Some AD experts have said the industry will be able to get investment from commercial debt as the technology is proved in the market place.
Heller said: “We have three plants in completion and commissioning and now we need to go back to the market and start looking for debt as opposed to original investors.”
He added: “We are now going on our rapid growth mode.”
Heller said Tamar would not be going into the market every year because it is raising funds on a bundled basis, as opposed to a plant-by-plant basis.
He added: “Bundled plants should attract debt on reasonably attractive terms.”
The next step is an AD plant at Hoddesdon going into construction. There are another 15 projects in the pipeline.
Although the company has been working on various newer forms of technology including chicken litter, fines and dry AD plants, it is focusing on the core objective of a 40-strong national AD network treating food waste with a combined 100MW capacity.

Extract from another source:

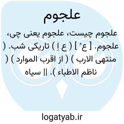 علجوم. [ ع ُ ] ( ع اِ ) تاریکی شب. ( منتهی الارب ) ( از اقرب الموارد ) ( ناظم الاطباء ). || سیاه پررنگ. ( از ذیل اقرب الموارد ). || باغ بسیاردرخت. ( منتهی الارب ) ( آنندراج )( ناظم الاطباء ). || باغی که درختان خرما بسیار داشته باشد. ( از اقرب الموارد ) ( ناظم الاطباء ). || بیشه و نیزار. ( از ذیل اقرب الموارد ) ( از المنجد ). || موج دریا. ( منتهی الارب ) ( از اقرب الموارد ) ( ناظم الاطباء ). || آب بسیار. || غوک و قورباغه نر. ( منتهی الارب ) ( از اقرب الموارد ). || کنه. || آهوی گندم گون. ( منتهی الارب ) ( از اقرب الموارد ) ( ناظم الاطباء ). || ماده آهوی خواستار گشنی. ( از ذیل اقرب الموارد ). || شترمرغ نر. || بط نر. ( منتهی الارب ) ( از اقرب الموارد ) ( ناظم الاطباء ). || قوچ. ( از اقرب الموارد ). || بز کوهی. || گاو نر کلان سال. ( منتهی الارب ) ( از اقرب الموارد ) ( ناظم الاطباء ). || ماده الاغ بسیارگوشت. || ماده شتر کلانسال. ( از ذیل اقرب الموارد ). || شتر سخت و توانا. || شتر برگزیده. ( منتهی الارب ) ( از اقرب الموارد ) ( ناظم الاطباء ). || نام مرغی سپید. ( منتهی الارب ) ( از اقرب الموارد ). || جماعت مردم. ( از ذیل اقرب الموارد ) ( از المنجد ). ج، عَلاجیم.

Heller said: “Whether we hit that target in 2018 or 2019 is not critical, but it is an appropriate target if we want to be an industry leader.”
Comparing his previous experience in wind energy with the AD sector, Heller said: “Planning takes longer than you think.”

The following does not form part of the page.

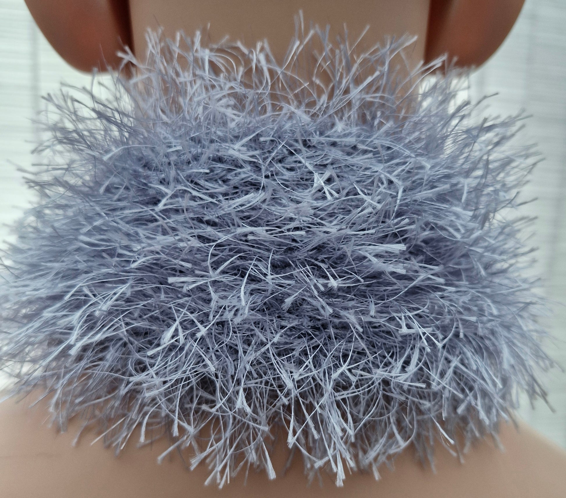 Brand new Adult's Hand Knitted Stocking Stitch Scarf in Silver Tinsel. Yarn isn't real tinsel - it's much softer but still with the long hair and glittery shine of tinsel - Chunky weight. Scarf is elegant and dressy. Made from 75% Polyester 25% Lurex - cool machine wash.

He said Tamar originally aimed to get projects through planning within 12 months, but now it looks at 18 months as a good timeframe.
Heller added: “A few years ago everybody thought it was easy to jump into this business and build plants and make lots of money. The reality is that people are realising it’s not that easy to permit these (plants).

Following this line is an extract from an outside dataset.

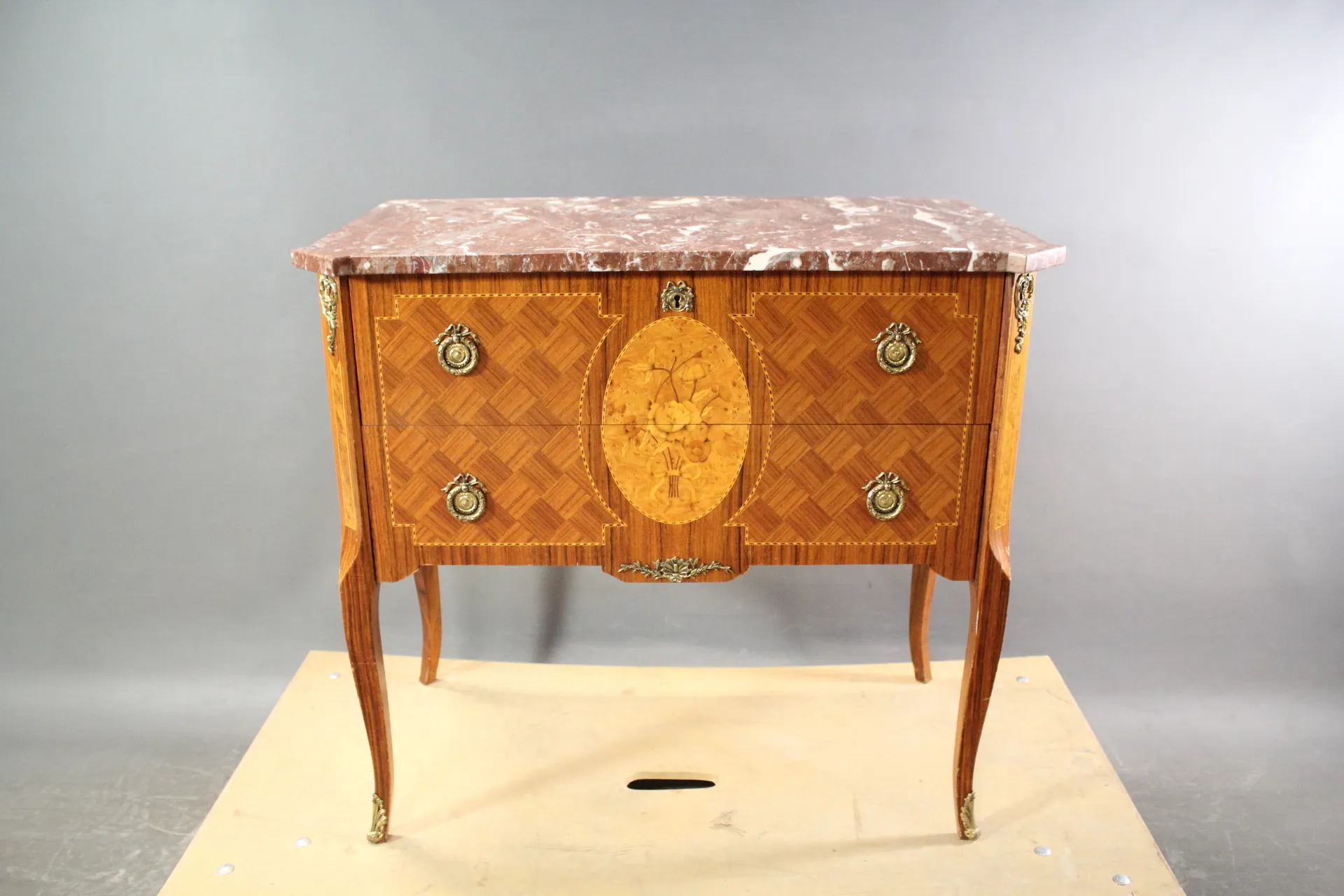 252. Byrå i gustaviansk stil med mässingsbeslag och stenskiva

“The process of engineering is more complicated and everybody’s got digestate issues.” (See box below).
There are a lot of competitors in the AD industry but Heller said there is not much place for one-off projects unless they are tied to a specific feedstock or fuel-source.
He said: “It’s going to be hard for competitors to build one plant based on there being a lot of waste in one area.”
Heller took over the chief executive role of Alan Lovell one month ago. Lovell has remained chairman of the company.
Heller said: “The standards board is looking at PAS110 (the industry standard for AD quality) again. That’s appropriate - we should always be doing that, but I don’t think that’s the key issue.
“Not long ago people thought they didn’t have to worry about digestate. They thought it is going to go out the back door and we’ll spread it on land.
“Now when you develop a project you have to have a specific digestate solution and just saying I’m going to spread it on land is not the base case solution anymore.”
Tamar Energy’s financial history
Tamar Energy raised £97m in funding in 2012. This was the biggest greentech deal of the year globally.
Since then Tamar has not sought further investor funding, but expects to obtain a further £250m in debt funding to support the 100MW network target. This will be raised in a number of phases.
Willie Heller CV
Heller joined Tamar Energy as chief executive in January 2014.
Prior to this, he was chief executive and a founder of Falck Renewables Wind, active in the UK, Italy, Spain and France.
Willie was previously the chief executive of Edison Mission Energy, an international independent power producer.
Prior to that Willie was president of Edison Mission Energy, Europe, and senior vice president of Edison International.
From 1982 to 1995 he was a consultant and partner with McKinsey and Company’s Energy Practice in Houston, London and Los Angeles.